In 2006, following the critical success of "Children of Men," Universal Pictures and director Alfonso Cuaron paired up for the expensive space epic, co-written by Cuaron's son, but after worries began to trickle down the studio ranks as to how exactly you market a film like "Gravity," Universal parted ways with the project.
The next positive sign that the film would was getting closer to a greenlight was Robert Downey Jr. attaching himself as the male lead in early 2010, but the film still needed that female lead that carries most of the film. Angelina Jolie had always been eyed for the role but a deal could never be worked out and finally in the summer of 2010, Jolie passed and leaving the studio and Cuaron back at square one.
Warners tested several leading ladies and at one point was very high on Blake Lively.
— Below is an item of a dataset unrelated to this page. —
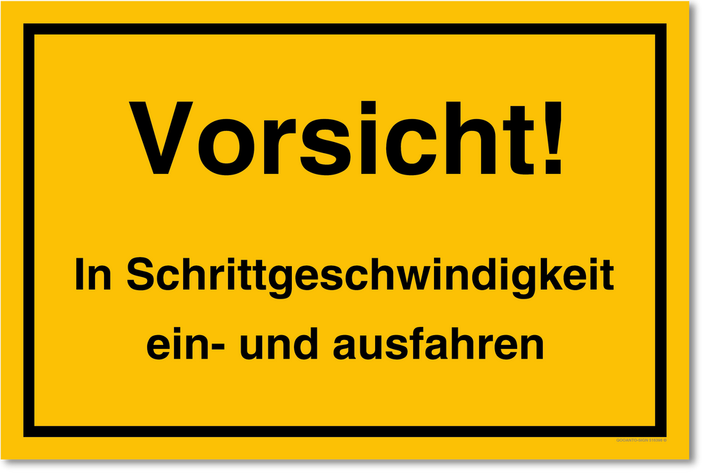 Vorsicht! In Schrittgeschwindigkeit Ein- Und Ausfahren Schild | Alu-Verbund | Gelb | Rechteck | Querformat

After working with her on "The Town," the studio was looking at her for almost every female-driven project it had in 2010, including "Gravity", which to several insiders at the time seemed like an odd choice given how young Lively was and the fact that the main character was suppose to have a daughter in the film too.
WB eventually moved off the idea and set its sights on Natalie Portman following her Oscar win for "Black Swan," but the actress was looking to take a much needed break (and was also eventually sidelined with an a pregnancy) leaving "Gravity" in the same state that its main character: grasping for life.
Enter Sandra Bullock.
Coming off an acting hiatus herself, Bullock, who won an Oscar for WB's "Blind Side" in 2010, was looking for something that would challenge her and top WB execs along with Cauron and Heyman saw the opportunity and moved fast to land her.
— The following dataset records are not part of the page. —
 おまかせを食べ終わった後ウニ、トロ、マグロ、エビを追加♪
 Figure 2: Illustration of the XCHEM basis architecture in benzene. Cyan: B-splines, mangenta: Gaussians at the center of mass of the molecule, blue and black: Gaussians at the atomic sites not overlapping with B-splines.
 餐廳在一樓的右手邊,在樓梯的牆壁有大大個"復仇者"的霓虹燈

Finally, "Gravity" was ready for lift-off but there was still one more hurdle to deal with: Iron Man. Since production was forced to move because the search for the main character took so long, Robert Downey Jr. was forced to exit the long-gestating project because of "The Avengers" and "Iron Man 3" scheduling conflict.
What would seem like a blow to most films ended up working out with George Clooney's schedule opening up just as the film was expected to commence production. The short shoot for his character ended up working out for Clooney's schedule and Warners signed him just in time for the first quarter shoot in 2011.
In an age where films are constantly being bad-mouthed if there is any delay in development or production, "Gravity" is a case where a studio's confidence and patience with not only the project but the filmmaker paid off in a big way.